Apply Visual Styles to AI Generations Using Image References
The latest update to Krea 2 focuses on aesthetic control through a sophisticated style reference system. Filmmakers and designers can now maintain visual consistency across multiple assets by using a single source image.
Krea 2 has introduced a style reference system, commonly referred to as S Refs, to its image generation platform. This update allows users to upload a single image to guide the aesthetic direction of their generations, ensuring that color palettes, lighting, and textures remain consistent across different subjects. For creators working on projects that require a unified visual language, this feature provides a more predictable way to control the output of AI models.
What's new
The core of this update is a custom-built style transfer system integrated directly into the Krea 2 foundation model. Instead of relying solely on text descriptions to convey a specific look, users can now drag and drop an image into a dedicated style transfer slot within the prompt interface.
The system analyzes the reference image to extract several key stylistic components:
- Color palettes and tonal ranges.
- Specific line work and artistic techniques.
- Surface textures and material qualities.
- Lighting patterns and overall composition language.
Once an image is set as a reference, Krea 2 applies these visual traits to any subsequent prompt. This means a user can define a specific "retro cartoon" or "cinematic noir" look once and apply it to an entire series of character or environment designs without having to re-engineer complex text prompts for every new frame.
How it fits your workflow
For filmmakers and concept artists, the style reference tool addresses the common problem of stylistic drift in AI video generation and image creation. When building a storyboard or a mood board, maintaining a cohesive look is often more important than the individual details of a single shot. By using Krea 2 with a style reference, an art director can ensure that every concept piece for a film project feels like it belongs in the same universe.

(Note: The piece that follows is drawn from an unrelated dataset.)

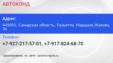 АВТОКОНД по адресу 445051, Самарская область, Тольятти, Маршала Жукова, 3а в дальнейшем Организация, размещена в следующих категориях:
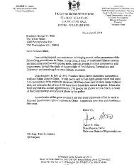特拉华州众议员致信布什总统,请求帮助制止江泽民集团对法轮功学员的迫害

This functionality mirrors features found in Midjourney’s style reference parameters but offers a more direct, GUI-based approach. It is particularly useful for pre-visualization and look development. For example, a cinematographer could upload a still from a classic film to use as a style reference, then prompt for their own scene locations to see how those environments might look under similar lighting and color grading conditions. It effectively replaces the trial-and-error process of adding dozens of descriptive adjectives to a prompt in hopes of hitting a specific visual target.
Editors and motion designers can also use this to generate assets that match existing brand guidelines. If a client provides a specific illustration style, the designer can use that as the reference to generate additional icons, backgrounds, or textures that fit the established project aesthetic.
What it costs / how to try it
Style references are available within the Krea 2 interface. Users can access the feature by using the image upload slot in the prompt box on the Krea website.